The Second Sex, in detail
The Second Sex is Simone de Beauvoir's 1949 examination of the situation of women — why they have been defined as "Other" throughout human history, how that otherness is constructed and maintained, and what it would mean to be free of it. The book is long, dense, and ambitious. De Beauvoir was trained as a philosopher in the existentialist tradition, and the argument is grounded in that vocabulary: women's situation is a matter of bad faith, of complicity in their own objectification, of freedom denied or refused.
The first volume, "Facts and Myths," surveys how women have been defined by biology, psychoanalysis, and historical materialism, and finds all three frameworks incomplete. De Beauvoir's famous formulation — "One is not born, but rather becomes, a woman" — is the hinge of the entire argument.

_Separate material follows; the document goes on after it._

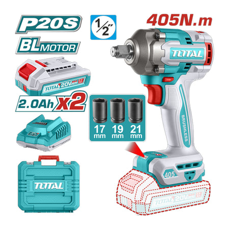 PISTOLA IMPACTO INALAMBRICA 1/2" 20V 405 NM INCLUYE 3 COPAS 17,19,21, 2 BATERIAS 1 CARGADOR(UTIWLI2045)

Femininity is not a natural state but a social construction, an identity women are trained into and that they sometimes accept because the alternative is the anxiety of genuine freedom.
The second volume, "Lived Experience," is a phenomenological account of what it is actually like to be a woman moving through the world as it is constituted: as a girl, as a sexual object, as a wife, as a mother, in middle age, as an old woman. The range is extraordinary and the observation is often startling. De Beauvoir draws on literature, case histories, and her own experience with an unusual willingness to be specific about what other feminist thinkers had kept abstract.
The book's weaknesses are real. It is rooted in mid-twentieth-century France and reflects class biases and a suspicion of motherhood that not all feminist thinkers share. Some passages read as dated. The existentialist framework occasionally produces analysis that feels more universal than it is. But the core argument — that women's subordination is historical and constructed, not natural or inevitable, and that authentic freedom requires women to stop defining themselves through men's eyes — remains foundational to everything that came after.
The big ideas
- 1.
One is not born, but rather becomes, a woman: femininity is a social construction that women are trained into, not a natural state that biology produces.
- 2.
Women have been constructed as the 'Other' in relation to men, who occupy the position of subject: this asymmetry is not natural but historically produced and can be changed.
- 3.
Bad faith — the flight from freedom into a false necessity — is a temptation for all humans, but women are offered a particularly comfortable form of it in domesticity and dependence.